A Mickey Mantle baseball card already is the most expensive piece of sports memorabilia ever sold at auction, and now one of The Mick’s jerseys is set to challenge for another record, as well.
Heritage Auctions currently has received a $3.25 million bid — $3.9 million with the buyer’s premium — for a game-worn 1958 home Mantle jersey.
With the extended-bid portion of the Summer Platinum Sports Auction slated for next weekend, the No. 7 pinstriped jersey could threaten the all-time mark for a baseball jersey: the reported $5.64 million received for a Babe Ruth version in 2019.
“That’s the million dollar question,” Chris Ivy, Heritage’s director of sports auctions, said Friday in a phone interview. “I think it’s right at our estimate right now, but I know that we’ve got some pretty interested parties in this item.
“I’d expect that it will go somewhere in the 4-to-5 million dollar range when it’s all said and done. I would lay the odds at fairly low that it would surpass that [Ruth] number, but it certainly could happen.”
The previous record for a Mantle gamer via an auction also was sold by Heritage in Feb. 2020 for $2.19 million, so that figure will be easily surpassed.
Ivy said that this particular jersey has been photo-matched to the uniform he wore on Opening Day and several other games during the 1958 season, plus significant events such as the opening episode of the black-and-white TV show “Home Run Derby” — in which he faced off against Willie Mays — in 1960.

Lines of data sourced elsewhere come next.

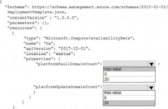 How should you configure the template? To answer, select the appropriate options in the answer area. NOTE: Each correct selection is worth one point.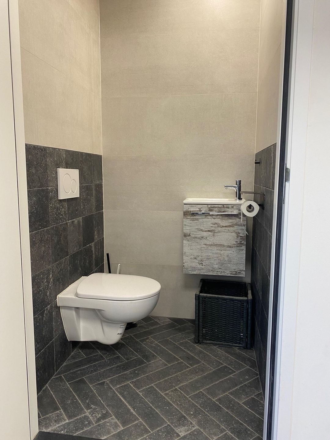 Deels betegeld toilet voorzien van hangcloset.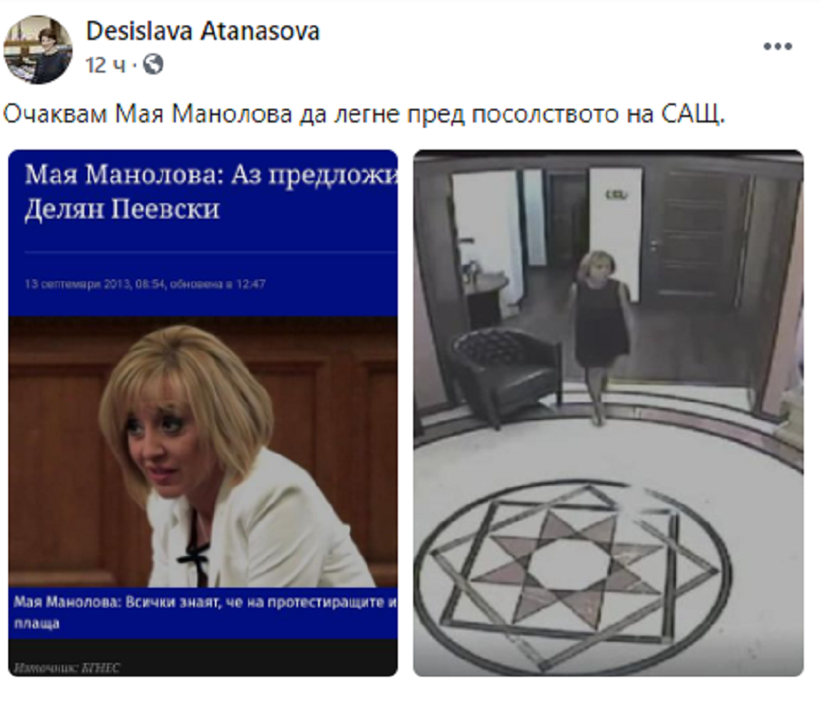 Очаквам Мая Манолова да легне пред посолството на САЩ. Този кратък коментар написа във Фейсбук бившата парламентарна шефка на ГЕРБ Десислава Атанасова.

“The ability for these third-party services to go into photo archives and photo-match this jersey is really one of the main factors helping us to generate this kind of interest and numbers for it,” Ivy said. “For this era of Baby Boomers, Mantle represented the Yankees, and New York City, the biggest team in sports at the time.
“He was just a larger than life character for that entire generation. I think it’s similar to the way [Michael] Jordan is viewed by his generation.”
A game-worn Jordan jersey from the 1998 NBA FInals, his final championship season with the Bulls, sold at auction for $10 million earlier this year, the most ever for a jersey in any sport.
“I think Mantle’s connection with that generation is one of the cool things about the sport of baseball. Kids hear stories from their parents and I believe that reverence for Mantle has been passed down through the generations.”
This marks the first time this particular Mantle jersey has been offered for auction. Ivy said it was purchased privately several years ago by a “gentleman with one of the finest Yankees collections in the world,” but the consignor wishes to remain anonymous. The sale will conclude with two extended-bid sessions on Aug. 19 and Aug. 20.
“There’s no way to know for sure, but we do look to read the tea leaves, and based on the conversations we’ve had with interested parties, we think this thing has some legs,” Ivy said. “I do feel like it’s going to take several more bids, but as far as how far people want to go, they always keep that close to the vest.
“I do think there are several interested parties at this level and I do think it will take several additional bids prior to the final gavel coming down on it.”